C data finalization – in JavaScript

May 2, 2012 § 4 Comments

A few iterations ago, the Mozilla Platform introducefd js-ctypes, a very nice Foreign Function Interface (FFI) for JavaScript. As its inspiration, Python’s ctypes, js-ctypes lets (privileged) JavaScript code open native libraries, import their functions and call these functions almost as if they were regular JavaScript functions.

Here is an example using the Unix libc:

// Open the C library
let libcCandidates = [
  'libSystem.dylib',// MacOS X
  'libc.so.6',      // Linux
  'libc.so'         // Android, B2G
];
let libc;
for each(let candidate in libcCandidates) {
  libc = ctypes.open(candidate);
  if (libc) {
    break;
  }
}

// Import some functions from libc
let open = libc.declare("open", ctypes.default_abi,
  /*return int*/ ctypes.int,
  /*const char* path*/ctypes.char.ptr,
  /*int oflag*/ ctypes.int
  /*int mode*/ ctypes.int);
let read = libc.read("read", ctypes.default_abi,
  /*return ssize_t*/ ctypes.ssize_t,
  /*int fildes*/ ctypes.int,
  /*void *buf*/ ctypes.voidptr_t,
  /*size_t nbytes*/ ctypes.size_t);
let close = libc.read("close", ctypes.default_abi,
  /*return int*/ ctypes.int,
  /*int fd*/ ctypes.int);

// Now use them
let myfile = open("/etc/passwd", 0, 0);
if (myfile == -1)
  throw new Error("Could not open file");
// ...

If you are familiar with XPConnect, the mechanism generally used in the Mozilla Platform for letting JavaScript and C++ interact, you can see that using js-ctypes to call native code directly is much nicer than adding a C++ XPCOM/XPConnect layer. From what I hear, it seems to be also much faster, as XPConnect needs to perform expensive magic to ensure that memory is properly passed between JavaScript and C++. In addition, this selfsame memory magic now prevents XPConnect from being executed from threads other than the main thread, which makes js-ctypes the only manner of doing any system access from worker threads.

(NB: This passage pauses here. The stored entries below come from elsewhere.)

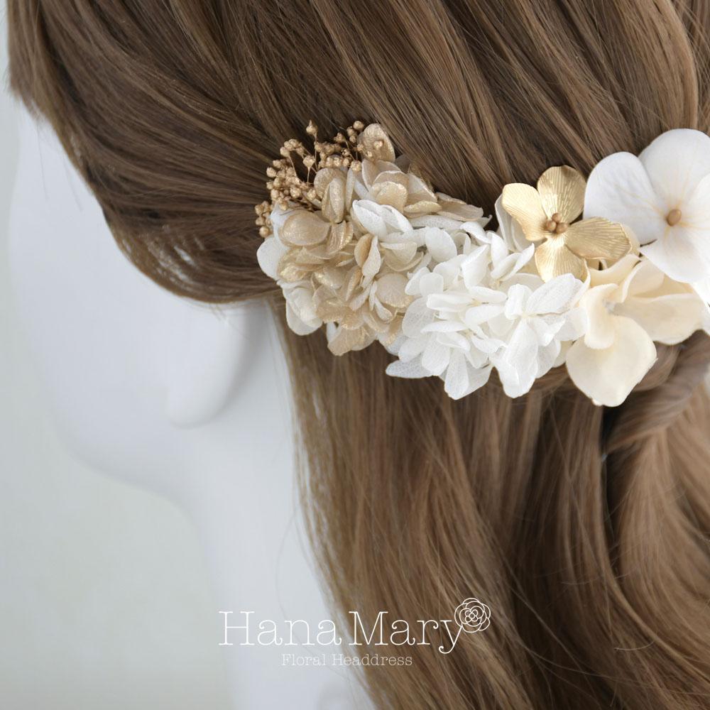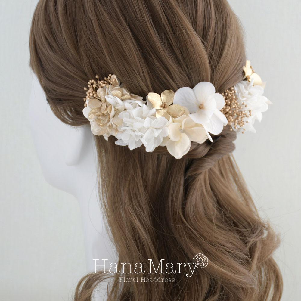 HanaMaryの髪飾りは生花をリアルに再現したアートフラワーと呼ばれるハイクオリティーな造花を使用しています。耐久性に優れ、成人式・卒業式やウェディングなどに何度でも繰り返し使用することができます。
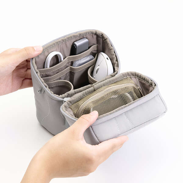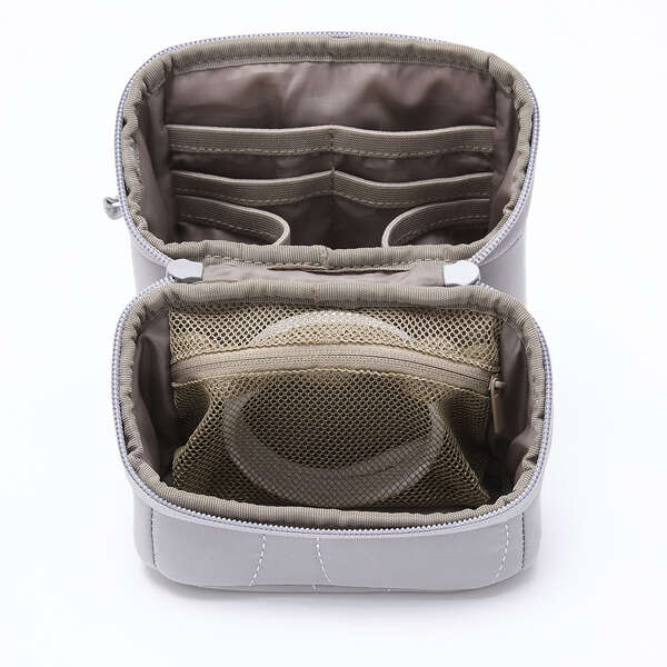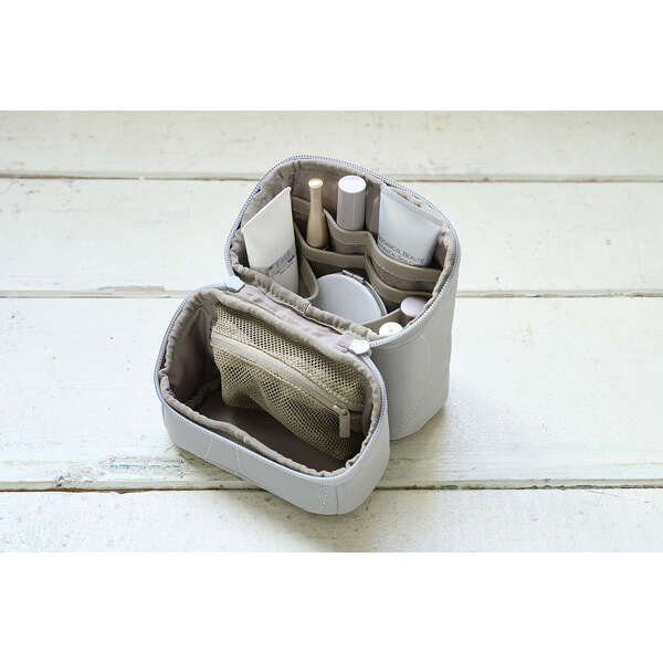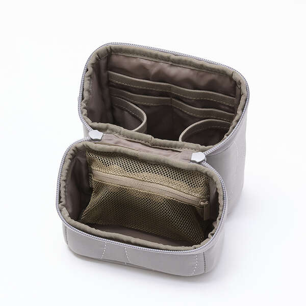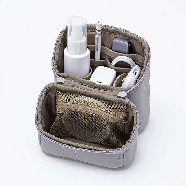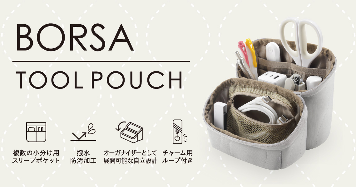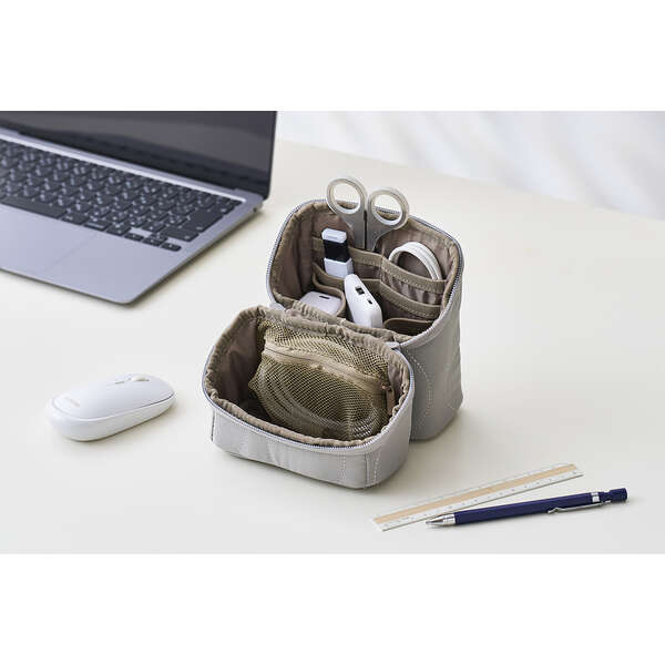 デスク周りの小物やガジェット、筆記用具などのワークツールをまとめてスッキリ収納!デスク上で道具入れとして使える、スタンドタイプのツールポーチです。上品な光沢のあるオニオンステッチのキルティング素材を採用した、大人カジュアルなデザインです。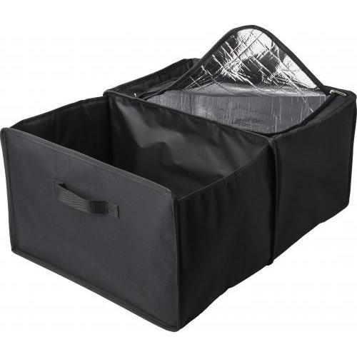 Autotasche aus Polyester (600D). Zwei Fächer, eine Kühltasche mit Reißverschluss geschlossen. Aluminium innen auf der Seite der Kühltasche. Zusammenklappbar.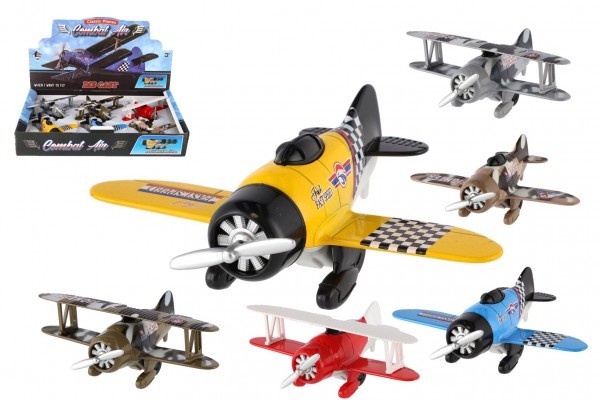 Letadlo kov/plast 12cm na zpětné natažení mix druhů 6ks v boxu
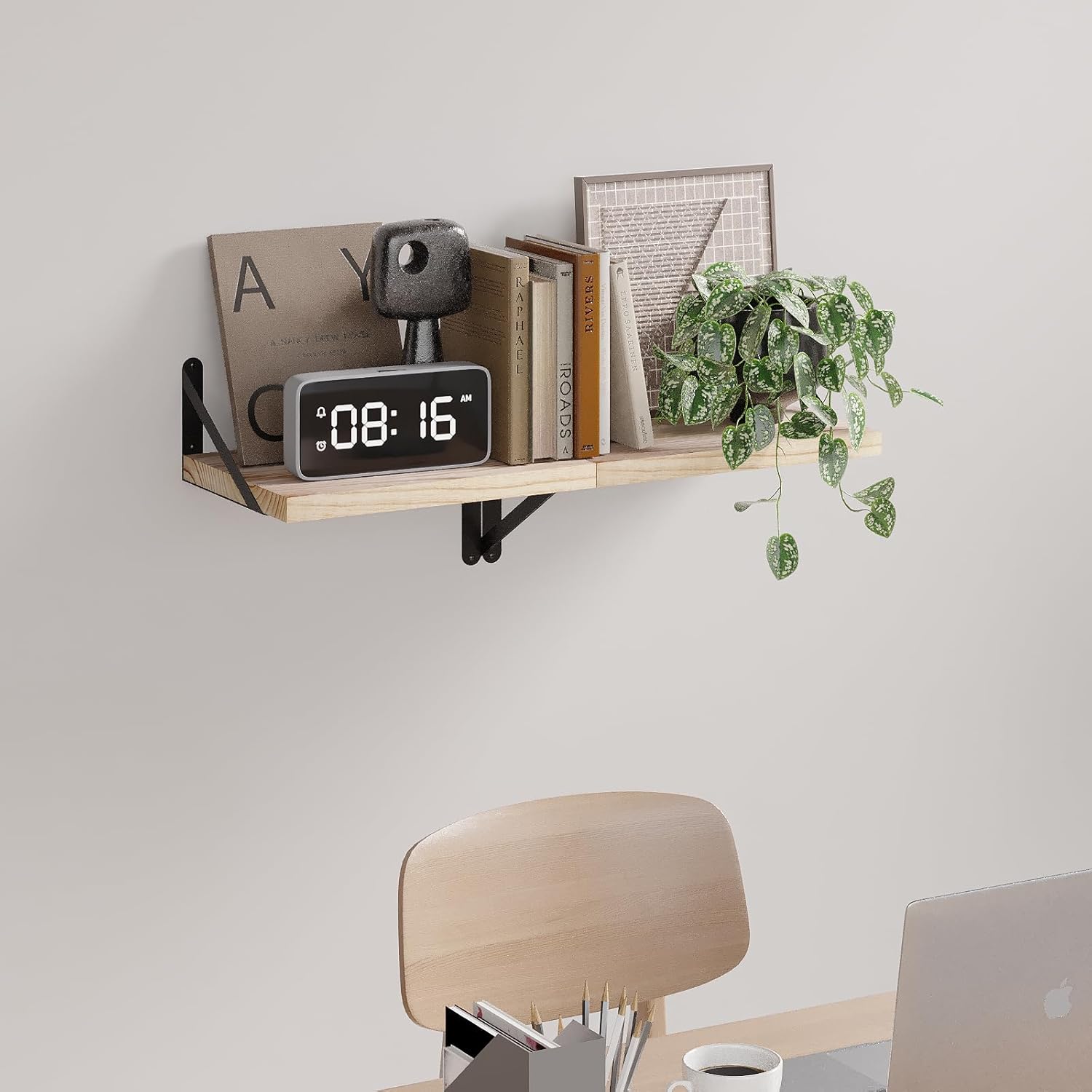 - Solid Wood Wall Shelves: Crafted from solid wood and durable metal brackets, you can confidently display items such as books, photos, plants, or knick-knacks, each shelf supporting up to 40 lbs

Now, js-ctypes nicely solves the issue of calling native code from JavaScript. However, JavaScript and C are very different languages, with very different paradigms, so getting them to coexist requires a little more than simply the ability to place calls or convert values. In particular, C has:

  • manual resource management (memory must be released, file descriptors must be closed, locks must be released, etc.);
  • no language-level mechanism for error management (a task smaller than a process cannot be killed because of an error).

By contrast, Javascript has:

  • automated memory management, but no support for managing automatically resources other than memory (no user-level finalization or scoped resources mechanism);
  • several language/vm-level mechanisms that can kill a task in non-trivial manners (exceptions, “this script is busy”, etc.)

Unfortunately, putting all of this together makes it quite difficult to write JavaScript code that manipulates C resources without leaking. Such leaks can cause both performance issues (memory leaks, in particular, tend to slow down the whole system) and hard-to-track errors (leaking file descriptors can prevent the application from opening any new file, or, under Windows, can prevent the application from reopening some files that were improperly closed, while leaking locks can completely freeze an application).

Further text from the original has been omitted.